Titre original : "Yasashi Ogawa " -1996-
Auteure : YÔKO OGAWA
Traduction : Rose -Marie MAKINO-FAYOLLE et Yukari KOMETANI
Editions : Actes Sud -2010- 241 pages.
Il y a des couvertures de livres auxquelles je suis incapable de résister. Et de toute façon comment pouvoir le faire, lorsqu'elle s'accompagne d'un titre si doux, évocateur, d'une musique si raffinée et si touchante ?
Nous sommes au Japon, d'abord à Tokyo, puis dans la montagne où Ruriko, vient brusquement s'établir dans le chalet de vacances de son enfance. Elle y fait très vite la connaissance de ses voisins, Nitta et Kaoru et du vieux chien de cette dernière.

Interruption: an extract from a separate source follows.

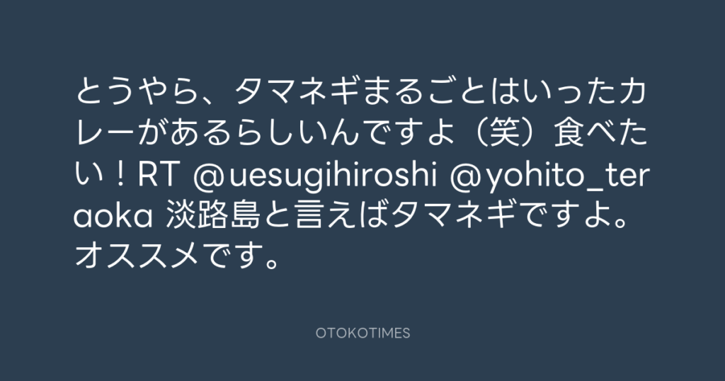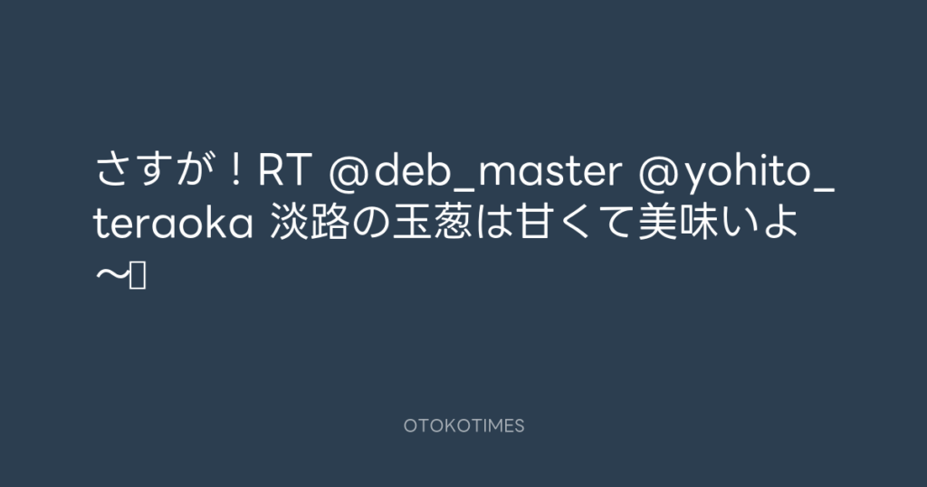 さすが!RT @deb_master @yohito_teraoka 淡路の玉葱は甘くて美味いよ〜♪ -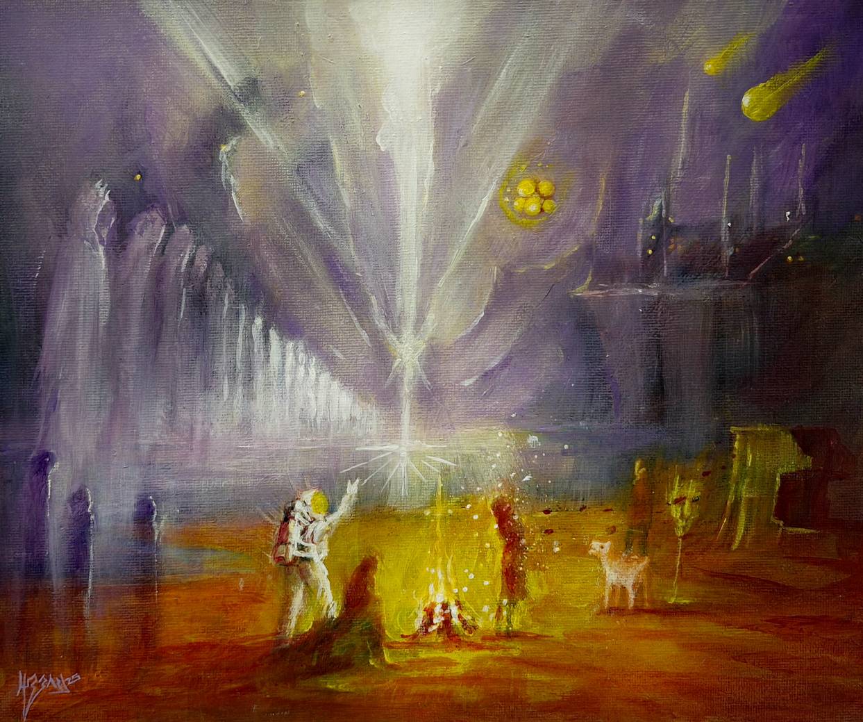 Scried magic art of Imagination painting on canvas board, size 29.75 cm x 25cm.

Tous trois partagent la pratique de métiers rares et artistiques, calligraphie pour Ruriko, lutherie pour Nitta et Kaoru qui est son apprentie.
Au fil des jours et des rencontres, promenades, repas, chargés d'un mélange troublant de chaleur et de respect, ils comprennent à demi-mots que chacun est venu ici pour oublier une douleur intime qui marque encore leur vie. Pas de grands mots, pas de pleurs bruyants non plus, juste quelques paroles, quelques gestes, quelques regards.
Une année va passer, des liens tenus vont se tisser, Ruriko, troublée, cherche sa place.
Certains poursuivront leur vie, d'autres se retrouveront à devoir la construire dans une solitude encore beaucoup plus radicale qu'avant.
Bien que ce livre soit chargé de passion, pour un autre que soi ou pour la musique, le sentiment qui m'a dominée en le lisant est celui de sérénité, triste souvent, mais sérénité tout de même.
Tout y concourt : la nature très présente, les activités des protagonistes avec tout ce qu'elles demandent, concentration, habileté, sensibilité, la musique évoquée, écoutée, jouée, le calme qui met du baume sur les blessures des uns et des autres.
Pourtant il y a aussi ce troublant contraste entre l'extrême civilité, toute orientale, montrée par chacun, qui suppose une maîtrise de soi digne des héros de Jane Austen et la violence des comportements et des sentiments, qui fait régner de manière souterraine, une tension qui irrigue également tout le livre.
Alors que tout ici respire la sensibilité des êtres, j'ai pensé aux "Vestiges du jour" de Kazuo ISHIGURO, d'origine japonaise lui-aussi et comme à la lecture de ce dernier, j'ai été touchée au plus profond.